Omega Owners Forum

Omega Help Area => Omega General Help => Topic started by: Paul M on 05 October 2006, 15:37:24

Title: Handbrake lever travel
Post by: Paul M on 05 October 2006, 15:37:24
Hi guys

What's the normal handbrake travel on your Omegas? Mine seems to be way too high, about 6 or 7 clicks to get a decent bite. I spent ages adjusting it at the wheels a few weeks back, getting it to the point where there's resistance spinning the wheel then backing it off a little. Very little, if any, improvement. In comparison, my BMW has a very similar setup with the drums inside the rear discs, and it holds on a flat with 2 clicks, and is rock solid even on steep hills with 4 clicks.
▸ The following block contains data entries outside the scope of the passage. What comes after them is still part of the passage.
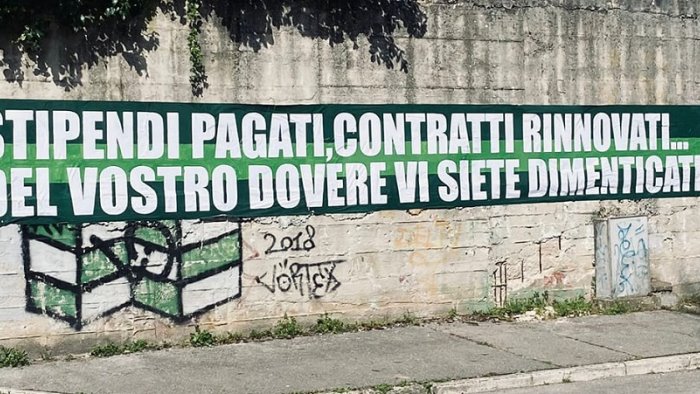 "Stipendi pagati, contratti rinnovati... del vostro dovere vi siete dimenticati": striscione all'esterno della porta carraia dello stadio "Partenio-Lombardi. I tifosi biancoverdi si sono espressi così sul momento in casa Avellino verso i playoff chiamando in causa direttamente la squadra e lo staff tecnico, impegnati nel ritiro di Mercogliano e in attesa di scoprire la prossima avversaria per il match d'ingresso negli spareggi promozione, in programma mercoledì.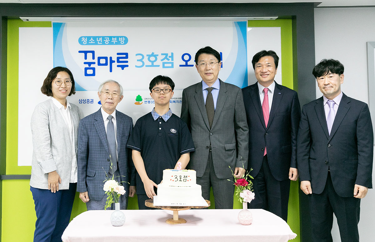 삼성증권은 21일 강북구 번동3단지 종합사회복지관에서 국제구호단체 기아대책과 함께 지역 청소년을 위한 공부방 '꿈마루' 3호점 오픈식을 진행했다고 밝혔다.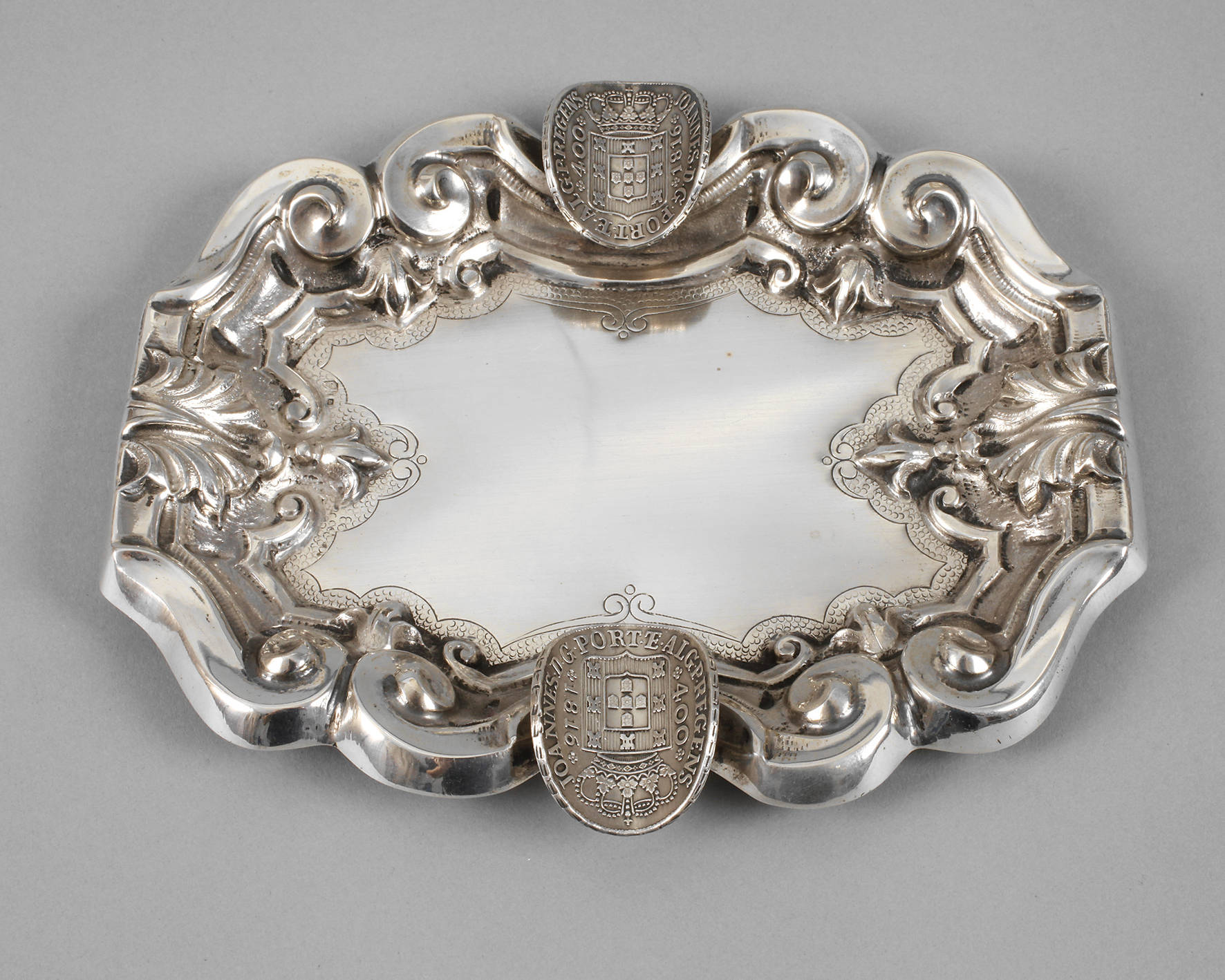 getrieben und ziseliert, Rollwerkdekor und Palmetten, zwei Zigarrenablagen aus gewölbten und einseitigen gegossenen Medaillen zur Krönung von Prinzregent Johann VI. von Portugal zum König von Brasilien, in feinster Erhaltung, Punzierung nicht erkennbar, L 17,5 cm, G ca. 183 g.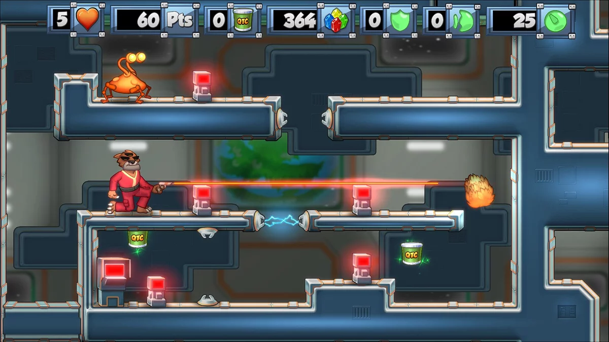 Super Squash — аркадный shoot 'em up с видом сверху, действие которого разворачивается в разных мирах. Есть 15 уровней, 4 режима, 7 боссов и 8 игровых персонажей. Раньше проект стоил 30 руб.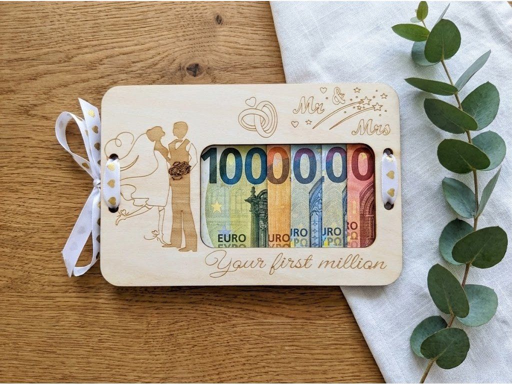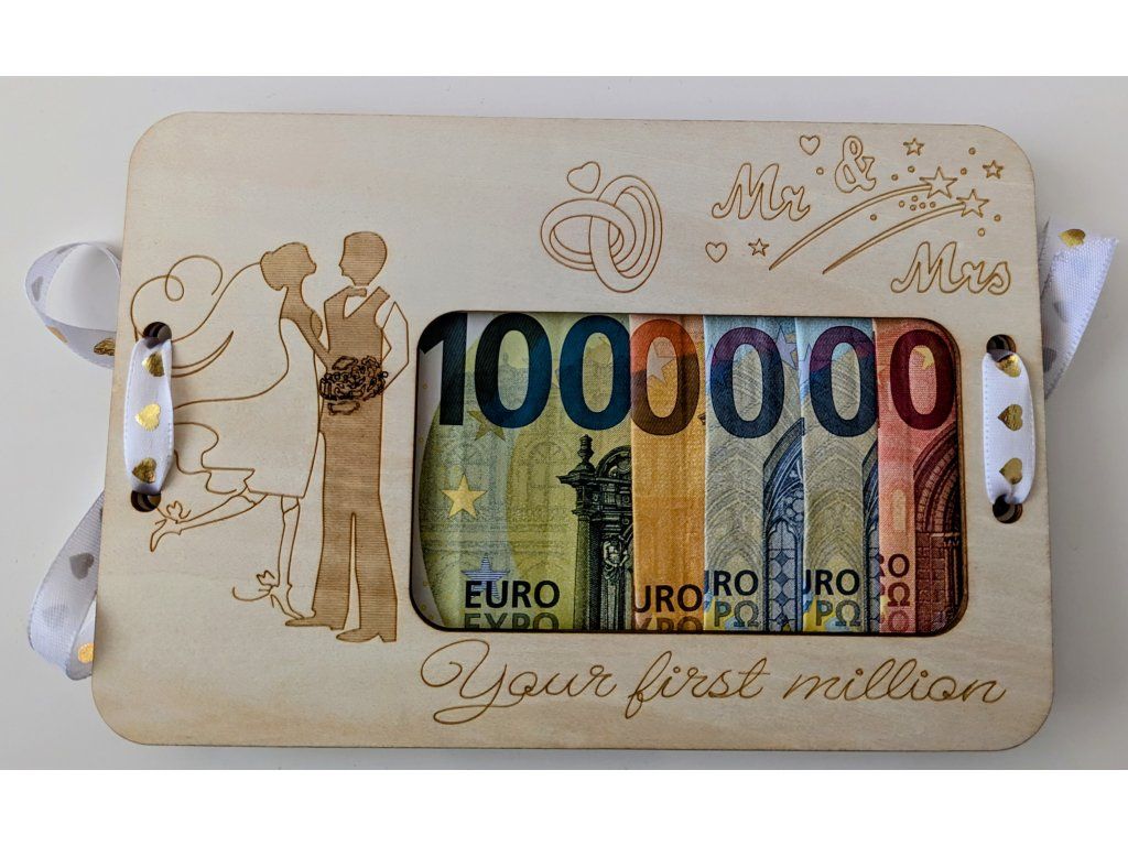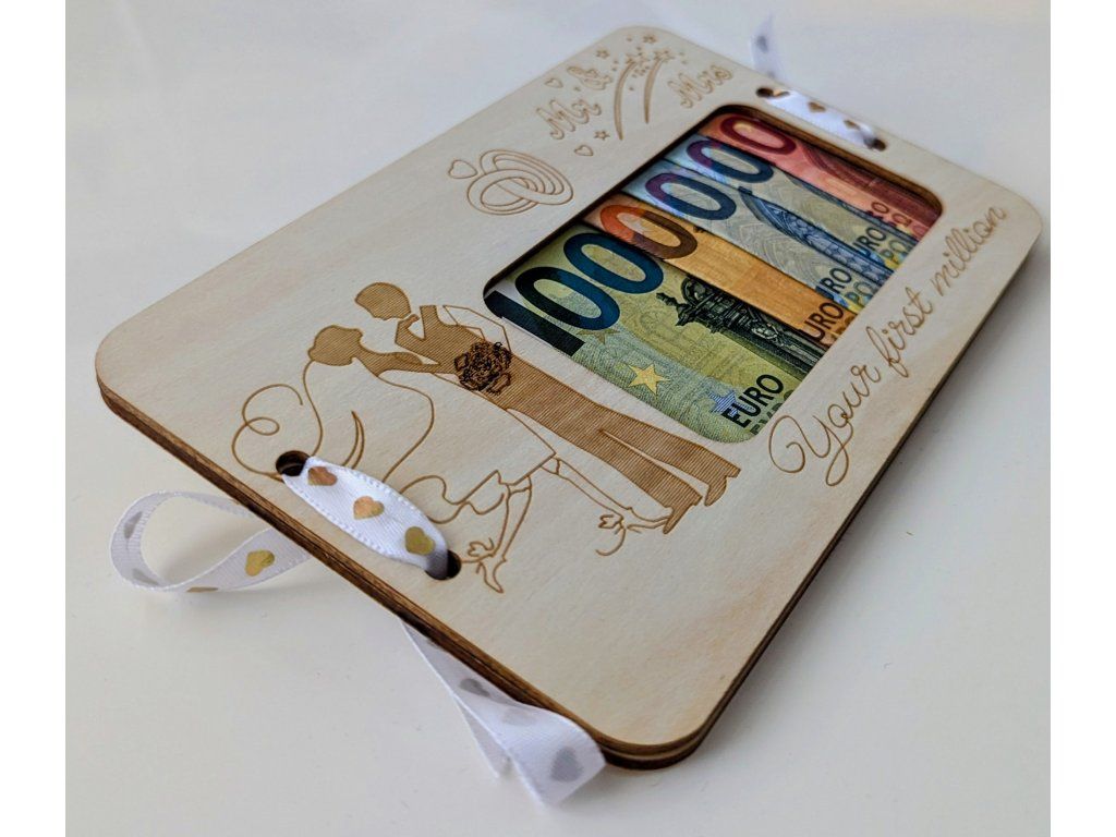Drevená obálka na peniaze "Your First Million" – Originálny svadobný dar
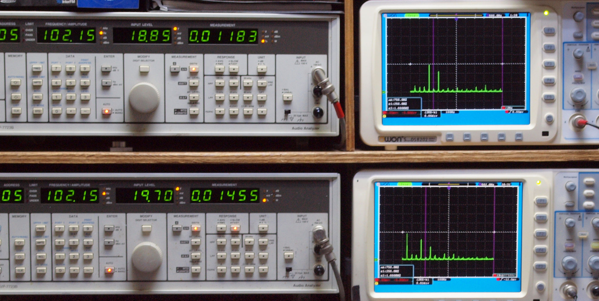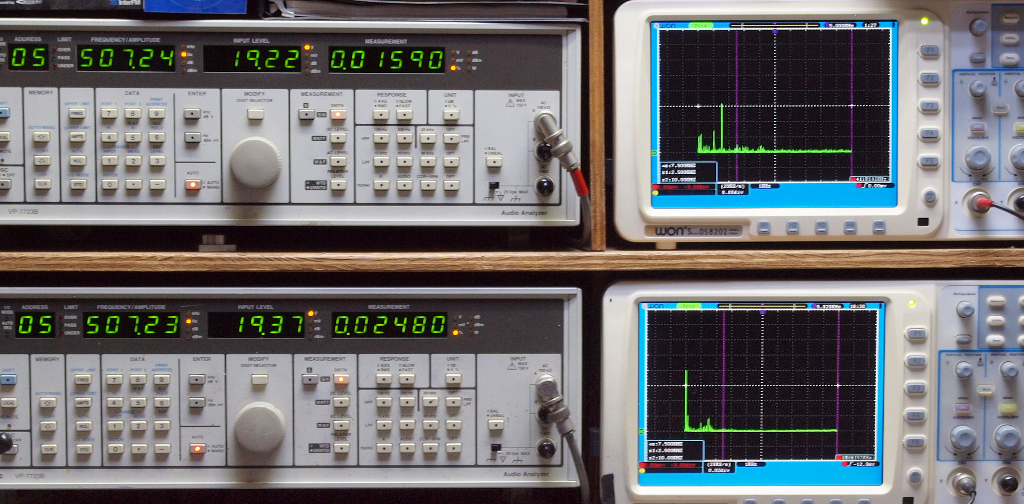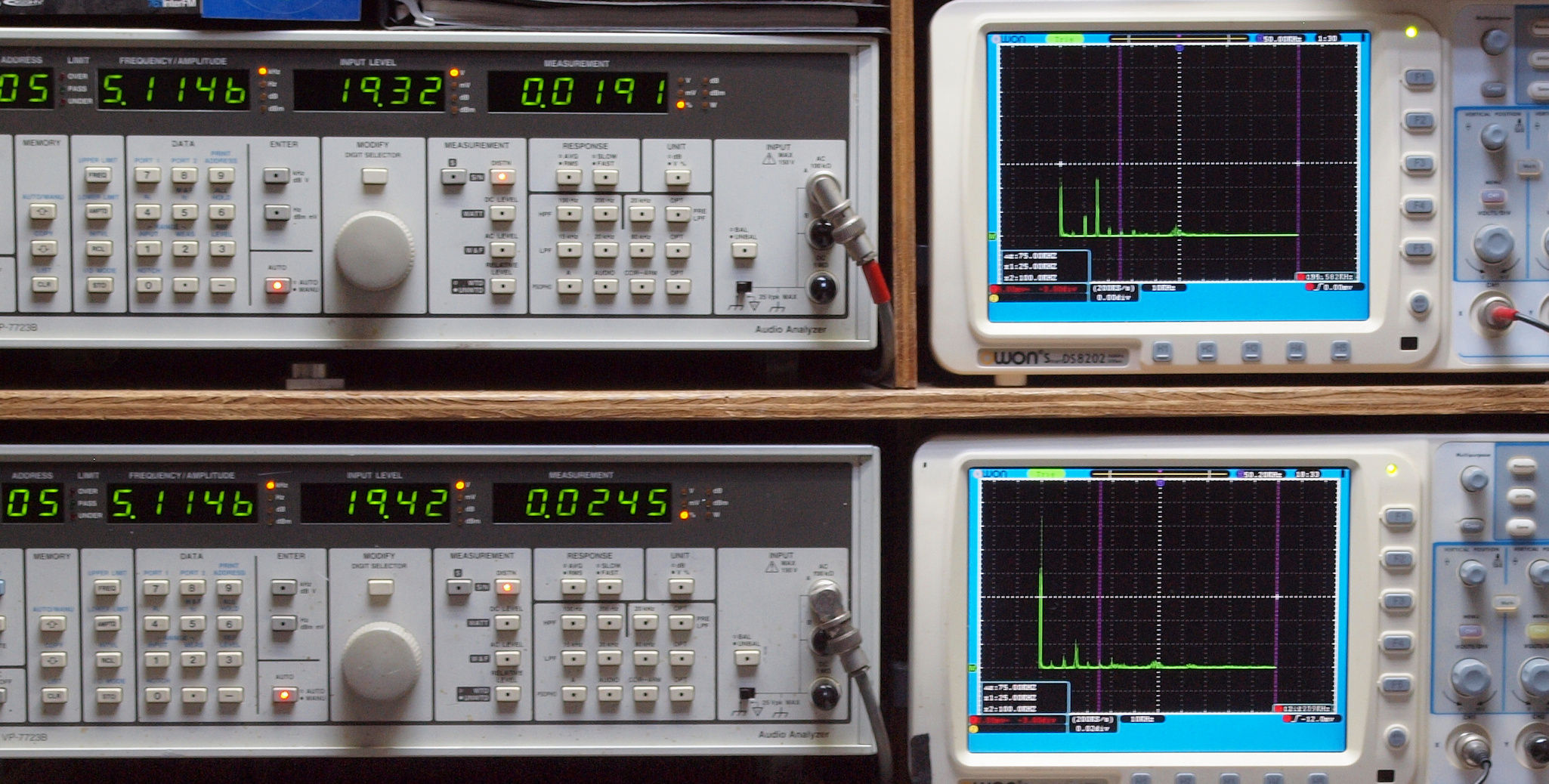 | E. 測定・調整。 画像をクリックすると、大きく(横幅2050ドット)表示されます。 E0. 出力・歪み率測定・調整 「見方」。 上段中 右側SP出力を「Audio Analyzer Panasonic VP−7723B」により測定。 表示LED、 左端=メモリーNo、 中左=周波数測定、 中右=出力電圧測定、 右端=歪み率測定。 上段右端 VP−7723Bの基本波除去出力を「owon SDS8202(200MHZ)」で「FFT分析」表示。 下段中 左側SP出力を「Audio Analyzer Panasonic VP−7723B」により測定。 表示LED、 左端=メモリーNo、 中左=周波数測定、 中右=出力電圧測定、 右端=歪み率測定。 下段右端 VP−7723Bの基本波除去出力を「owon SDS6062(200MHZ)」で「FFT分析」表示。 下段左端 オーディオ発振器 VP−7201A より50Hz〜100kHzの信号を出し(歪み率=約0.003%)、ATT+分配器を通し、AMPに入力。 よって、ダイアル設定出力レベルより低くなります。測定機器の仕様や整備の様子はこちら、「VP−7723B」「VP−7201A」。 FFT画面の見方はこちら。 |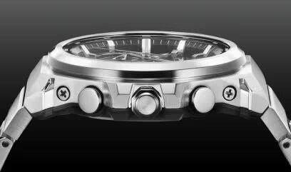 メタルベゼルが衝撃をガードし、カーボンファイバー強化樹脂製のケースがモジュールを保護。さらに、ガラス接着方式や小型モジュールにより耐衝撃構造を実現しつつ厚みや重量を削減。快適な着け心地と実用性を両立しています。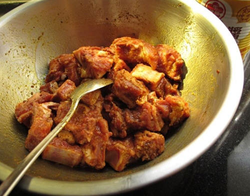 1、排骨洗净沥干加入调味料搅拌均匀,封上保鲜膜,移到冰箱静置1小时待入味。
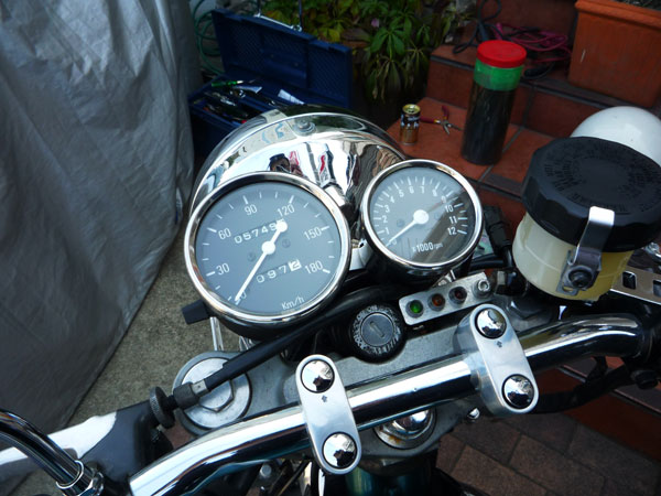 今は一文字ハンドルをつけているのだが、メーターの配置がセパハンをつけていた時のまま。ハンドル位置が上がったことで、メーターが埋もれて車体前から見るとメーターの存在感が皆無。バランス悪ぅ。

What's weird is that the Omega doesn't seem to have any adjustment at the handbrake lever itself. On the BMW, you back off the handbrake lever nuts, then adjust at the wheels to get both sides properly set, then readjust the handbrake lever bolts to get the right amount of travel. I couldn't find any adjustment on the Omega other than at the handbrake drums themselves. Is this correct? Surely they haven't been real boneheads and put the adustment under the car? Although going by much of the other design on this car..... hmm

BTW The rear discs, pads and shoes were changed less than a year ago so they're still pretty new.
Title: Re: Handbrake lever travel
Post by: Bo Bo on 05 October 2006, 15:42:17
Mine's the same, trouble is when I use other cars I tend to put the handbrake on way to hard thinking they're the same as mine!
Title: Re: Handbrake lever travel
Post by: Marks DTM Calib on 05 October 2006, 15:43:28
Its improtant to adjust (any) handbrake in the right order.

You must slacken the hand brake cable off first, this is done by removing the exhaust heatshield to gain access to the handbrake assembly.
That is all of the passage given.